Billy came on and did the Paul Jones songs first. Bill plays a 1963 Strat that he makes absolutely sing. Battered and worn, he gets the cleanest sounds then power chords and works the tone constantly with the pots on the guitar, very few pedals. His voice is outstanding, getting all those screaming notes and totally controlling it, and mugging all present. They launch in to the Small Faces songs, from “Itchycoo Park” to the amazing “Tin Soldier”. It was beyond great to hear. People were dancing crazily. Antique moves from back in the day. Led by the women first, as always.

For The Who set, a man with a shaved head and quite ordinary suit stood in front of me. As the chords to “Substitute” rang out he began to move violently all by himself in the crowd. The Who’s music talks to men. He was making windmill guitar arm moves and riding the cymbals and clapping in a flamenco style.
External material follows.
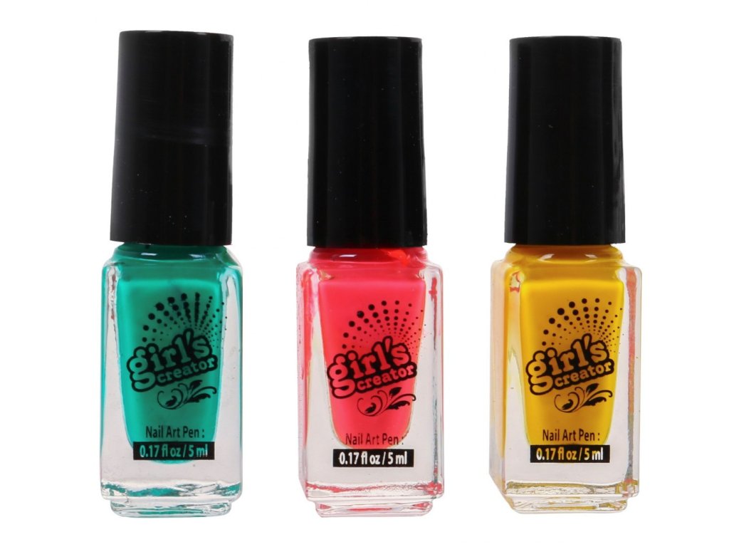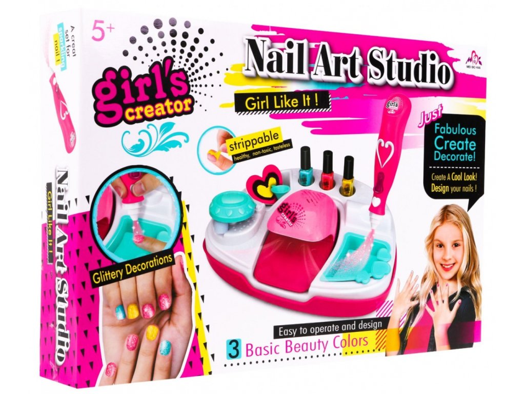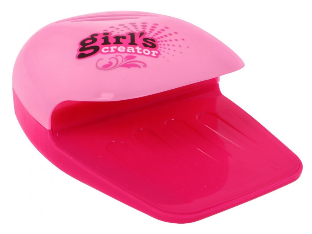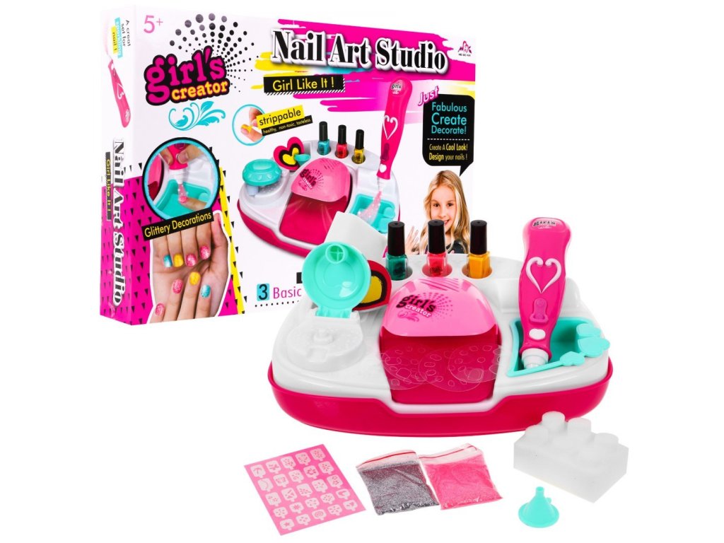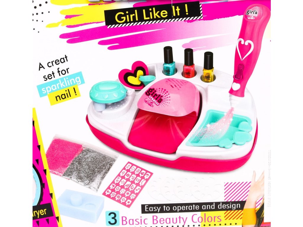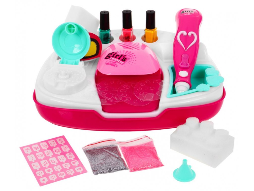 - a dressing table for painting accessories and a dryer, - battery powered nail dryer, - 3 nail polishes (green, yellow, pink), - glitter container, - glitter sprayer, battery operated, - funnel for glittering the device, - 4 circles and on them templates of various sizes and shapes of the nail, - a leaf of 25 patterned nail templates, - 2 sponges and on each, 6 removable rollers, - a nail file in the shape of a heart (about 6 cm x 5,5 cm), - 2 bags with glitter, | |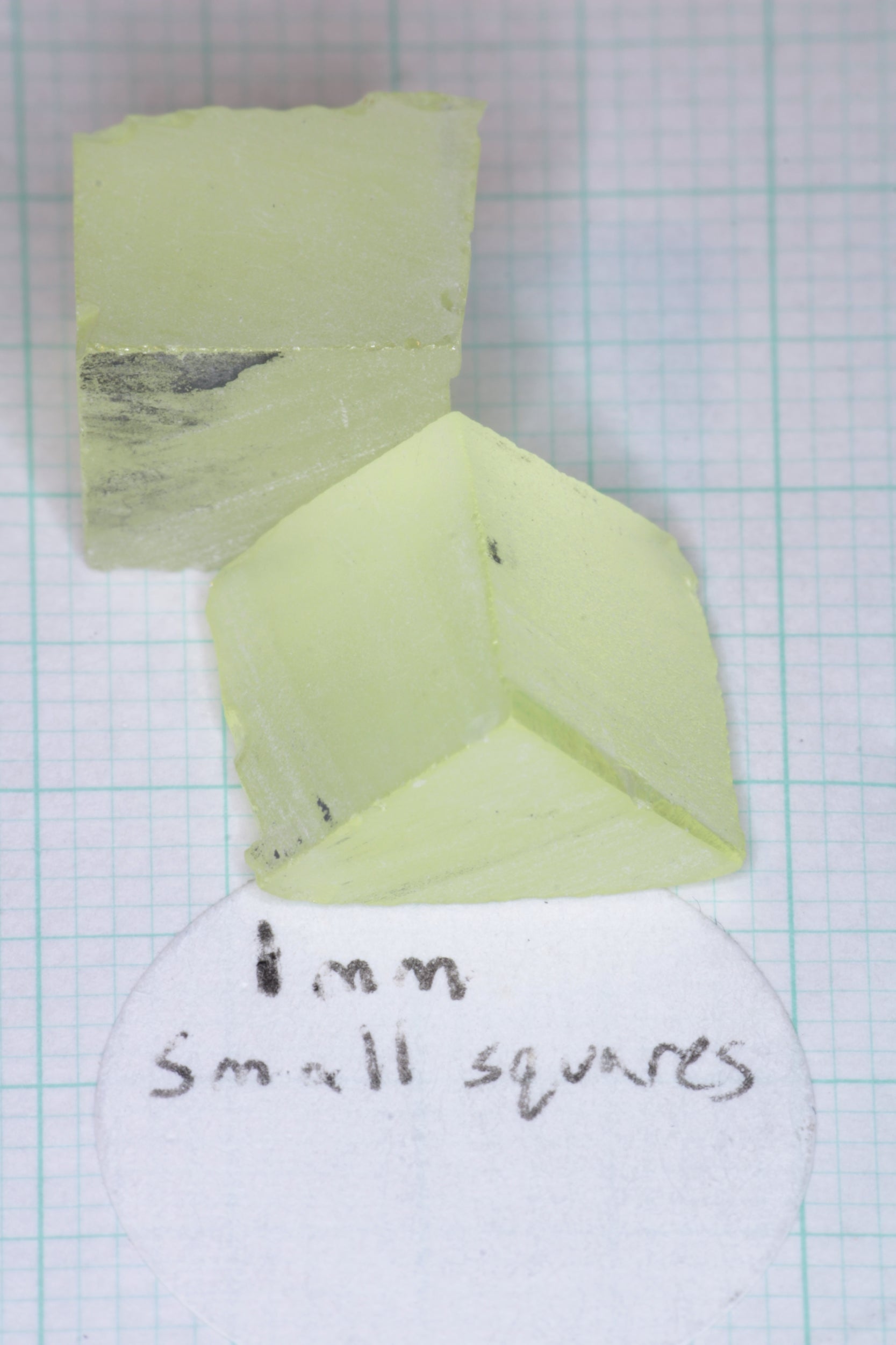 These are lab-created LuAG (Lutetium Aluminum Garnet) facet rough. Each is labelled with its gram weight and letter in the photo and they can be purchased individually.

Stuff as hell. Not drinking at all. Song by song he removed his coat, then tie, then shirt and ended the gig in a drenched old T-shirt. The band played superbly, all the dynamics, harmonies, solos, key changes and other weirdly Who-specific arrangements. People know every note of those songs and Bill sang the hell out of them and made all those licks on the guitar totally happen. Nailed it all. Joy! “Won’t Get Fooled Again” is so full of weird dynamic changes and vamps on a single chord. A song written and recorded by a band in their own world and at its very peak. The edge of their world. It was so exciting to hear. Within these songs you heard all sorts of other musics by people like The Raspberries and Big Star who totally tripped out on the 60s mod style.

Like a recital of music in the classical world, played by modern players who were still close to it. Outstanding experience.